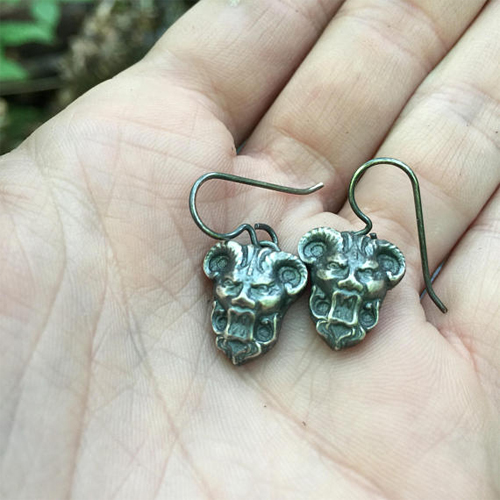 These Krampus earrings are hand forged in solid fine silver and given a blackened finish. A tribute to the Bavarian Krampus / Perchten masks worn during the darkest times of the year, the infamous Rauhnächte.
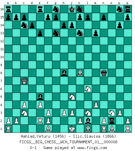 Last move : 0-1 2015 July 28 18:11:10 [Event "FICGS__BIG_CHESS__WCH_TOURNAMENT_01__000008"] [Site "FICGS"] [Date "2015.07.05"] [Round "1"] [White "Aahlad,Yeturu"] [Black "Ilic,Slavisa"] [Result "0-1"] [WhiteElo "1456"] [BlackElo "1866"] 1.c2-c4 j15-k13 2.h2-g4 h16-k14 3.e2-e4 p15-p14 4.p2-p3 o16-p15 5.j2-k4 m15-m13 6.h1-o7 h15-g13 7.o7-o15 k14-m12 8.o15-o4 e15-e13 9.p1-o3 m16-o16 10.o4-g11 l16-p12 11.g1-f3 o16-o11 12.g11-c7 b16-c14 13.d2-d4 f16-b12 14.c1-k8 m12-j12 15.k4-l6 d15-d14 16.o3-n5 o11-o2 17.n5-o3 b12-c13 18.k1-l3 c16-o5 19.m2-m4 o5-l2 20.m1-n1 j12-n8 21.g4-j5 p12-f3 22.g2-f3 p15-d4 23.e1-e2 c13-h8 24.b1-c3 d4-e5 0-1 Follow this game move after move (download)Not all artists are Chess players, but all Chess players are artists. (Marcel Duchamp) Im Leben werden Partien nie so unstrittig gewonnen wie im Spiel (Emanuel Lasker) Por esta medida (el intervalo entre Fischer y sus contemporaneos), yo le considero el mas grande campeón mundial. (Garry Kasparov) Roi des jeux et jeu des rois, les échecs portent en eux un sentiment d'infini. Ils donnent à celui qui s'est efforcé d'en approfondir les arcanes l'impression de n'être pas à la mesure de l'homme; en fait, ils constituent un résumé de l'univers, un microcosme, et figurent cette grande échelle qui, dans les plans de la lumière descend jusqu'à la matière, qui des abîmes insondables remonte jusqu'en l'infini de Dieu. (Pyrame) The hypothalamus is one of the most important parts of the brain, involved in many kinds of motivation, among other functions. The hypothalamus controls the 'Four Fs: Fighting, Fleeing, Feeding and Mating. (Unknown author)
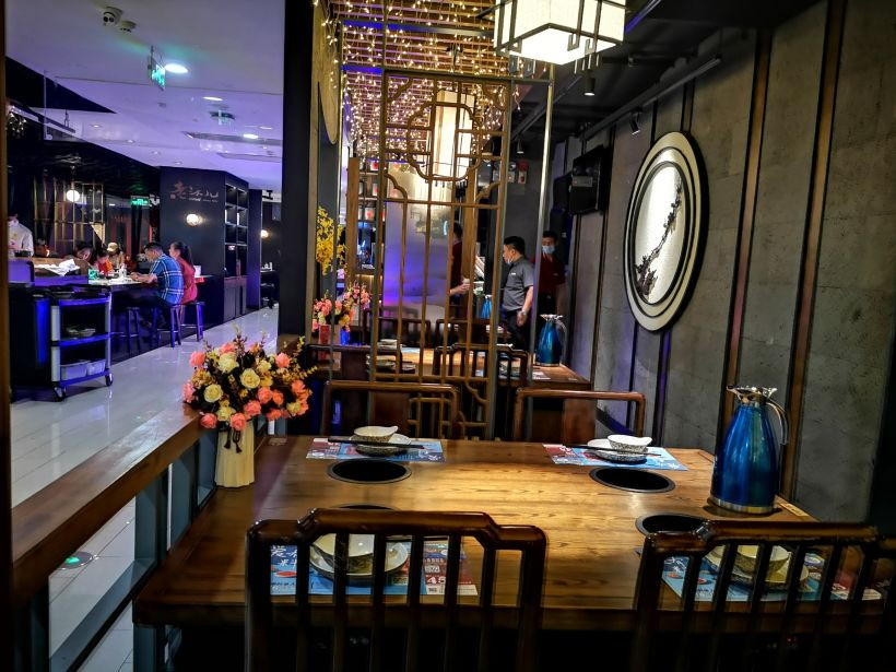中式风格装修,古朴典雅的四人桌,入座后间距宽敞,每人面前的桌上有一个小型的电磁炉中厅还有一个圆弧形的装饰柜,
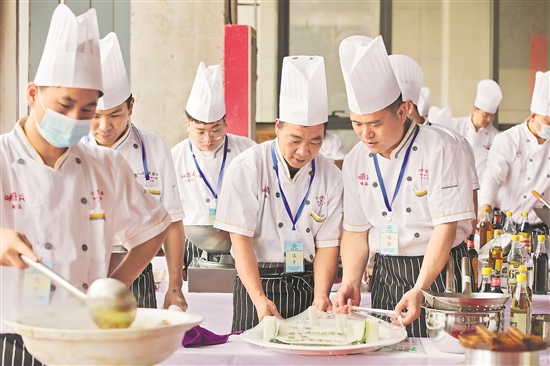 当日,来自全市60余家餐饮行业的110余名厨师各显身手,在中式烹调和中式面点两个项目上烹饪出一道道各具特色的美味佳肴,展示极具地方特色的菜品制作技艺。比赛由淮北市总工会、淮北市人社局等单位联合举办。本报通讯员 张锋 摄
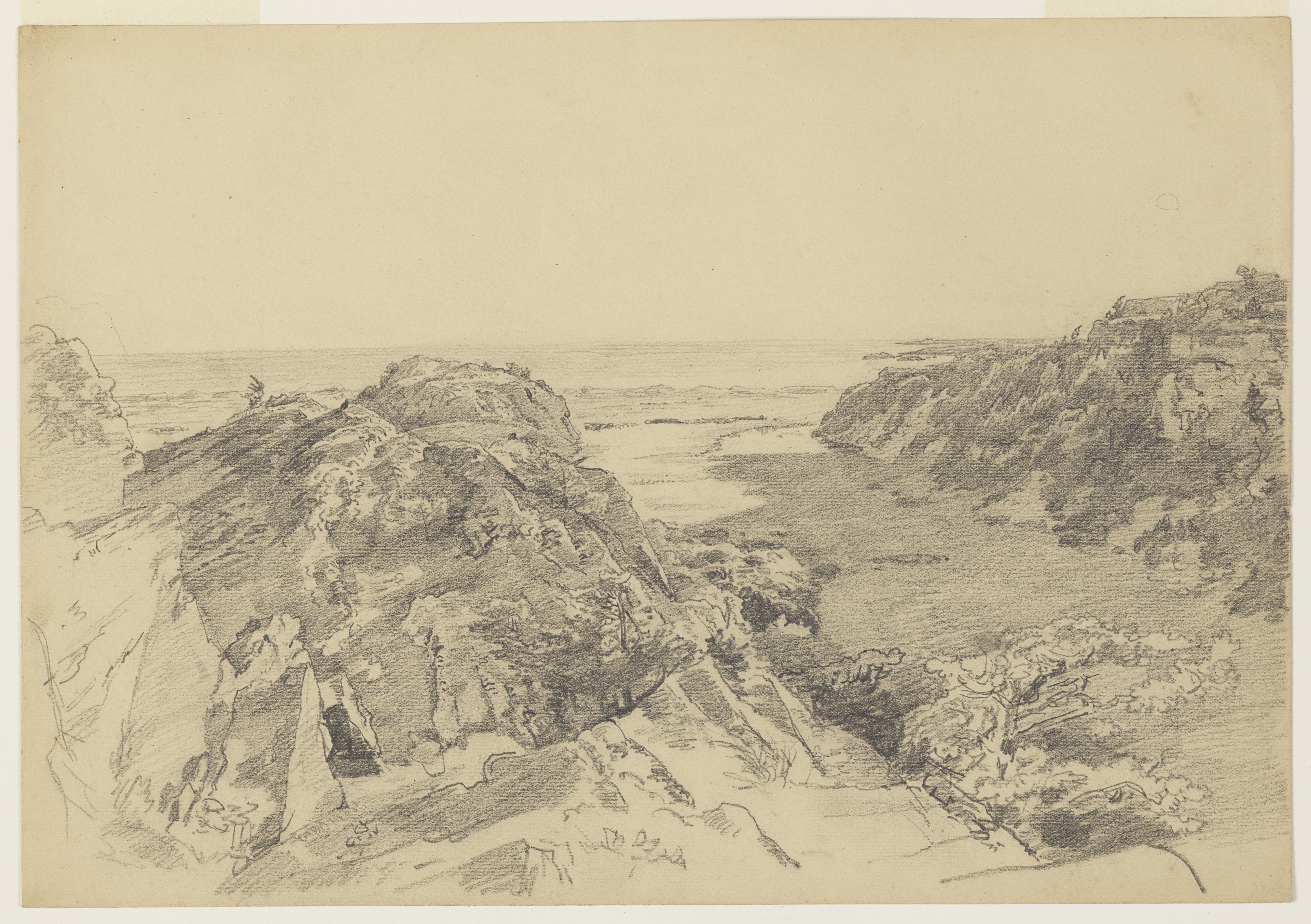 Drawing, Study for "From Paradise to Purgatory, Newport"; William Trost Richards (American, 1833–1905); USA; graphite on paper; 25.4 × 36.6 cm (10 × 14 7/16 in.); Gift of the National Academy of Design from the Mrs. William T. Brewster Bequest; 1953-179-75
------------------------------------
Instructions to follow:
Everything in the material must be duplicated exactly, except the pictures.

Task output:
 These Krampus earrings are hand forged in solid fine silver and given a blackened finish. A tribute to the Bavarian Krampus / Perchten masks worn during the darkest times of the year, the infamous Rauhnächte.
 Last move : 0-1 2015 July 28 18:11:10 [Event "FICGS__BIG_CHESS__WCH_TOURNAMENT_01__000008"] [Site "FICGS"] [Date "2015.07.05"] [Round "1"] [White "Aahlad,Yeturu"] [Black "Ilic,Slavisa"] [Result "0-1"] [WhiteElo "1456"] [BlackElo "1866"] 1.c2-c4 j15-k13 2.h2-g4 h16-k14 3.e2-e4 p15-p14 4.p2-p3 o16-p15 5.j2-k4 m15-m13 6.h1-o7 h15-g13 7.o7-o15 k14-m12 8.o15-o4 e15-e13 9.p1-o3 m16-o16 10.o4-g11 l16-p12 11.g1-f3 o16-o11 12.g11-c7 b16-c14 13.d2-d4 f16-b12 14.c1-k8 m12-j12 15.k4-l6 d15-d14 16.o3-n5 o11-o2 17.n5-o3 b12-c13 18.k1-l3 c16-o5 19.m2-m4 o5-l2 20.m1-n1 j12-n8 21.g4-j5 p12-f3 22.g2-f3 p15-d4 23.e1-e2 c13-h8 24.b1-c3 d4-e5 0-1 Follow this game move after move (download)Not all artists are Chess players, but all Chess players are artists. (Marcel Duchamp) Im Leben werden Partien nie so unstrittig gewonnen wie im Spiel (Emanuel Lasker) Por esta medida (el intervalo entre Fischer y sus contemporaneos), yo le considero el mas grande campeón mundial. (Garry Kasparov) Roi des jeux et jeu des rois, les échecs portent en eux un sentiment d'infini. Ils donnent à celui qui s'est efforcé d'en approfondir les arcanes l'impression de n'être pas à la mesure de l'homme; en fait, ils constituent un résumé de l'univers, un microcosme, et figurent cette grande échelle qui, dans les plans de la lumière descend jusqu'à la matière, qui des abîmes insondables remonte jusqu'en l'infini de Dieu. (Pyrame) The hypothalamus is one of the most important parts of the brain, involved in many kinds of motivation, among other functions. The hypothalamus controls the 'Four Fs: Fighting, Fleeing, Feeding and Mating. (Unknown author)
中式风格装修,古朴典雅的四人桌,入座后间距宽敞,每人面前的桌上有一个小型的电磁炉中厅还有一个圆弧形的装饰柜,
 当日,来自全市60余家餐饮行业的110余名厨师各显身手,在中式烹调和中式面点两个项目上烹饪出一道道各具特色的美味佳肴,展示极具地方特色的菜品制作技艺。比赛由淮北市总工会、淮北市人社局等单位联合举办。本报通讯员 张锋 摄
 Drawing, Study for "From Paradise to Purgatory, Newport"; William Trost Richards (American, 1833–1905); USA; graphite on paper; 25.4 × 36.6 cm (10 × 14 7/16 in.); Gift of the National Academy of Design from the Mrs. William T. Brewster Bequest; 1953-179-75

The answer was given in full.